§ **Task to carry out**
Please repeat the data exactly. Any picture in it stays out.
(Materials provided)
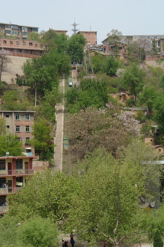 我不知道這樣的絞車別的地方有沒有:王石凹大約從20世紀(jì)50年代蘇聯(lián)人來建設(shè)的時(shí)候就開始有了——絞車道北邊有整齊的工房,那是蘇聯(lián)人建設(shè)的蘇式風(fēng)格的職工宿舍,一般是二層紅磚樓,當(dāng)時(shí),那些房子是礦上有身份地位的干部的住宅。整齊的工房下的山溝里是密集的窯洞、礦工擁擠的棚戶。東邊是井架上轉(zhuǎn)動(dòng)著的巨大天輪,連接著井下的鋼纜。有時(shí),礦上的運(yùn)煤火車噴著乳白色的濃煙轟鳴著駛進(jìn)隧道……這些景致每天都在我眼前晃過。小孩子喜歡玩纜車,扒車跳車,有危險(xiǎn),跳不好就從山上滾下來受傷,學(xué)生的父母們都要叮囑自己的孩子不要扒車跳車,但還是能見到很多學(xué)生呼嘯著成群接隊(duì)地跳車扒車作為游戲。熟能生巧,很多人都練就了跳飛車扒飛車的功夫,我還沒有見過哪個(gè)人跳絞車受傷。有點(diǎn)可怕的是運(yùn)煤的蒸汽火車。有些學(xué)生家住在火車道東邊——比我家住的翻砂組工場還要遠(yuǎn),每天上下學(xué)他們要過火車道,滿天星斗的凌晨,學(xué)生們就要成群結(jié)隊(duì)走過火車道。有時(shí),看到蒸汽機(jī)車好像瞪大眼睛發(fā)射出亮白的遠(yuǎn)射燈隆隆開來,龐大的機(jī)車像山一樣壓過來。當(dāng)時(shí),也聽說過有人經(jīng)過火車道時(shí)被軋斷了腿,流盡血送了命。蒸汽火車是運(yùn)煤炭的。我記得火車開到銅川要四五十分鐘。一出王石凹車站,火車就鉆進(jìn)一個(gè)長長的隧道,再開幾分鐘,到了喬子梁,又過一個(gè)長長的隧道?;疖囅耱暄训纳撸邳S土高原的溝壑里蠕動(dòng)。
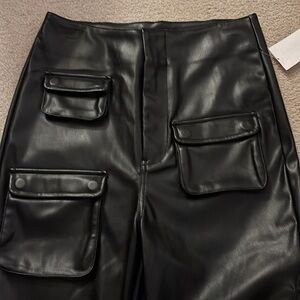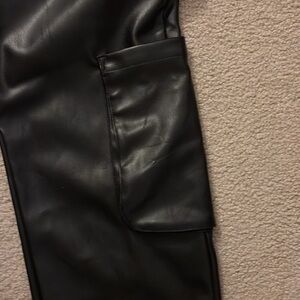 Cool faux leather pants. Snaps on pockets. Waist across 14 inches. Inseam 29.5 inches
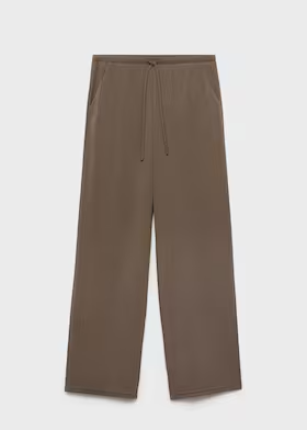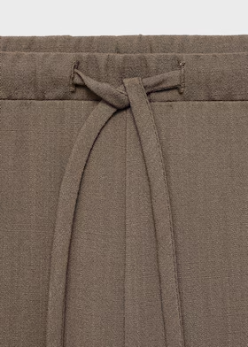 Long design. Straight design. Mid-rise. Elasticated waistband. Adjustable waist tie. No Fastening. Total look. Composition: 70% viscose, 18% polyamide, 11% polyester, 1% elastane. Designed in Barcelona. Manufacture: Cambodia. Dye/printing: China. Weave: China.
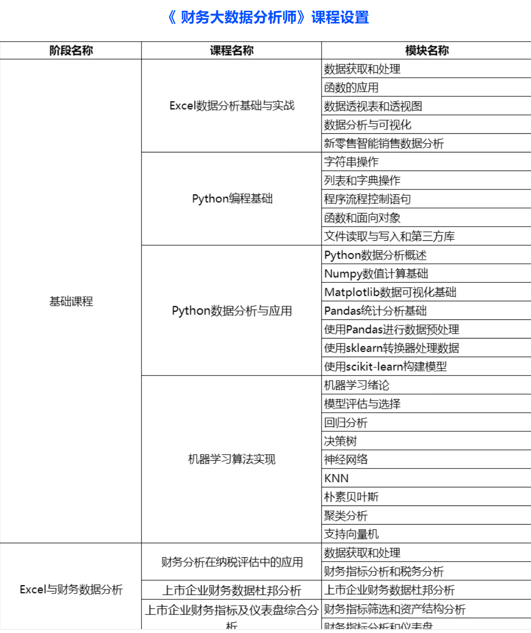 财务大数据分析师课程是一套涵盖专业化知识架构、科学化培养路径与系统化考核标准的高端财务数据人才培养体系。该体系旨在全面衡量从业者在财务数据处理、数据分析建模、智能工具应用及财务业务赋能等方面的核心能力,满足金融、企业财务、税务、电商等多行业对财务大数据专业人才的需求,助力企业以数据驱动财务决策优化、风险管控与业务升级。财务大数据分析师考试作为对该领域从业者的权威考核,共分为中级、高级两个等级,层级递进且覆盖不同阶段职业发展需求。
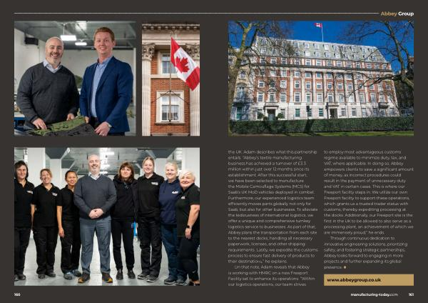 Group the UK . Adam describes what this partnership entails . “ Abbey ’ s textile manufacturing business has achieved a turnover of £ 3.3 million within just over 12 months since its establishment . After this successful start , we have been selected to manufacture the Mobile Camouflage Systems ( MCS ) for Saab ’ s UK MoD vehicles deployed in combat . Furthermore , our experienced logistics team efficiently moves parts globally not only for Saab , but also for other businesses . To alleviate the tediousness of international logistics , we offer a unique and comprehensive turnkey logistics service to businesses . As part of that , Abbey plans the transportation from each site to the nearest docks , handling all necessary paperwork , licenses , and other shipping requirements . Lastly , we expedite the customs process to ensure fast delivery of products to their destinations ,” he explains .
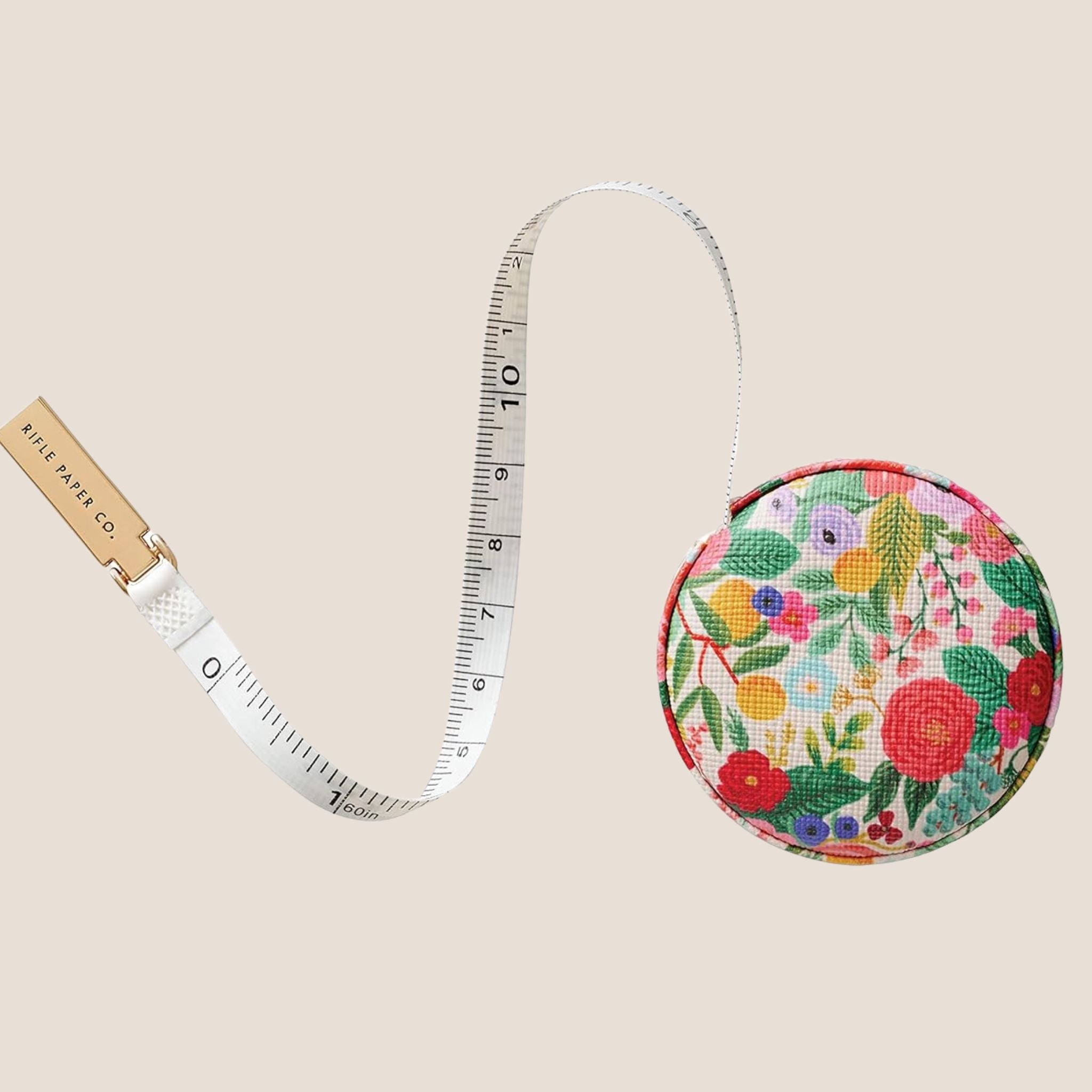 A perfect gift for someone who loves interior decorating. This retractable measuring tape is housed in an illustrated case with brass hardware and a hidden button release. Keep this handy tool in your sewing box, at your desk, or in your purse. The tape measures 60 inches or 152.4 centimeters. DETAILS - 2.25" L × 2.25" W - Textured PU with metal hardware - Printed in full color - 5 foot retractable tape - Wipe clean.
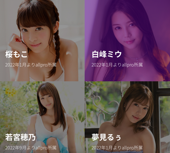 為什麼?現在包括桜もこ(櫻萌子)、安位カヲル(安位薰)、夢見るぅ(夢見露)以及白峰ミウ(白峰美羽)都被放在經紀公司AllPro的官網上,我曾經告訴大家,那是因為AllPro現在管理女優的頭和三上悠亜的原經紀人「青木亮」有師徒關係,所以雙方用業務提攜的方式合作,將三上以外的女優交給AllPro「照顧」:但問題來了,AllPro自己有沒有女優呢?有的,他們有小野六花、有藤森里穂、櫻茉日及流川夕四位片商的專屬女優要照顧,還有像若宮穂乃、松本菜奈実以及佐知子這樣或移籍或自身發掘的企劃女優要推,安位等人就很可憐,雖然還是可以找原事務所的人敲他們行程,但一來你不知道原事務所的人有沒有在管他們死活,二來AllPro有自己的人要照顧,她們不尷尬我都覺得尷尬了⋯
(End Materials provided)
§ **Exercise output**
 我不知道這樣的絞車別的地方有沒有:王石凹大約從20世紀(jì)50年代蘇聯(lián)人來建設(shè)的時(shí)候就開始有了——絞車道北邊有整齊的工房,那是蘇聯(lián)人建設(shè)的蘇式風(fēng)格的職工宿舍,一般是二層紅磚樓,當(dāng)時(shí),那些房子是礦上有身份地位的干部的住宅。整齊的工房下的山溝里是密集的窯洞、礦工擁擠的棚戶。東邊是井架上轉(zhuǎn)動(dòng)著的巨大天輪,連接著井下的鋼纜。有時(shí),礦上的運(yùn)煤火車噴著乳白色的濃煙轟鳴著駛進(jìn)隧道……這些景致每天都在我眼前晃過。小孩子喜歡玩纜車,扒車跳車,有危險(xiǎn),跳不好就從山上滾下來受傷,學(xué)生的父母們都要叮囑自己的孩子不要扒車跳車,但還是能見到很多學(xué)生呼嘯著成群接隊(duì)地跳車扒車作為游戲。熟能生巧,很多人都練就了跳飛車扒飛車的功夫,我還沒有見過哪個(gè)人跳絞車受傷。有點(diǎn)可怕的是運(yùn)煤的蒸汽火車。有些學(xué)生家住在火車道東邊——比我家住的翻砂組工場還要遠(yuǎn),每天上下學(xué)他們要過火車道,滿天星斗的凌晨,學(xué)生們就要成群結(jié)隊(duì)走過火車道。有時(shí),看到蒸汽機(jī)車好像瞪大眼睛發(fā)射出亮白的遠(yuǎn)射燈隆隆開來,龐大的機(jī)車像山一樣壓過來。當(dāng)時(shí),也聽說過有人經(jīng)過火車道時(shí)被軋斷了腿,流盡血送了命。蒸汽火車是運(yùn)煤炭的。我記得火車開到銅川要四五十分鐘。一出王石凹車站,火車就鉆進(jìn)一個(gè)長長的隧道,再開幾分鐘,到了喬子梁,又過一個(gè)長長的隧道?;疖囅耱暄训纳撸邳S土高原的溝壑里蠕動(dòng)。
 Cool faux leather pants. Snaps on pockets. Waist across 14 inches. Inseam 29.5 inches
 Long design. Straight design. Mid-rise. Elasticated waistband. Adjustable waist tie. No Fastening. Total look. Composition: 70% viscose, 18% polyamide, 11% polyester, 1% elastane. Designed in Barcelona. Manufacture: Cambodia. Dye/printing: China. Weave: China.
 财务大数据分析师课程是一套涵盖专业化知识架构、科学化培养路径与系统化考核标准的高端财务数据人才培养体系。该体系旨在全面衡量从业者在财务数据处理、数据分析建模、智能工具应用及财务业务赋能等方面的核心能力,满足金融、企业财务、税务、电商等多行业对财务大数据专业人才的需求,助力企业以数据驱动财务决策优化、风险管控与业务升级。财务大数据分析师考试作为对该领域从业者的权威考核,共分为中级、高级两个等级,层级递进且覆盖不同阶段职业发展需求。
 Group the UK . Adam describes what this partnership entails . “ Abbey ’ s textile manufacturing business has achieved a turnover of £ 3.3 million within just over 12 months since its establishment . After this successful start , we have been selected to manufacture the Mobile Camouflage Systems ( MCS ) for Saab ’ s UK MoD vehicles deployed in combat . Furthermore , our experienced logistics team efficiently moves parts globally not only for Saab , but also for other businesses . To alleviate the tediousness of international logistics , we offer a unique and comprehensive turnkey logistics service to businesses . As part of that , Abbey plans the transportation from each site to the nearest docks , handling all necessary paperwork , licenses , and other shipping requirements . Lastly , we expedite the customs process to ensure fast delivery of products to their destinations ,” he explains .
 A perfect gift for someone who loves interior decorating. This retractable measuring tape is housed in an illustrated case with brass hardware and a hidden button release. Keep this handy tool in your sewing box, at your desk, or in your purse. The tape measures 60 inches or 152.4 centimeters. DETAILS - 2.25" L × 2.25" W - Textured PU with metal hardware - Printed in full color - 5 foot retractable tape - Wipe clean.
 為什麼?現在包括桜もこ(櫻萌子)、安位カヲル(安位薰)、夢見るぅ(夢見露)以及白峰ミウ(白峰美羽)都被放在經紀公司AllPro的官網上,我曾經告訴大家,那是因為AllPro現在管理女優的頭和三上悠亜的原經紀人「青木亮」有師徒關係,所以雙方用業務提攜的方式合作,將三上以外的女優交給AllPro「照顧」:但問題來了,AllPro自己有沒有女優呢?有的,他們有小野六花、有藤森里穂、櫻茉日及流川夕四位片商的專屬女優要照顧,還有像若宮穂乃、松本菜奈実以及佐知子這樣或移籍或自身發掘的企劃女優要推,安位等人就很可憐,雖然還是可以找原事務所的人敲他們行程,但一來你不知道原事務所的人有沒有在管他們死活,二來AllPro有自己的人要照顧,她們不尷尬我都覺得尷尬了⋯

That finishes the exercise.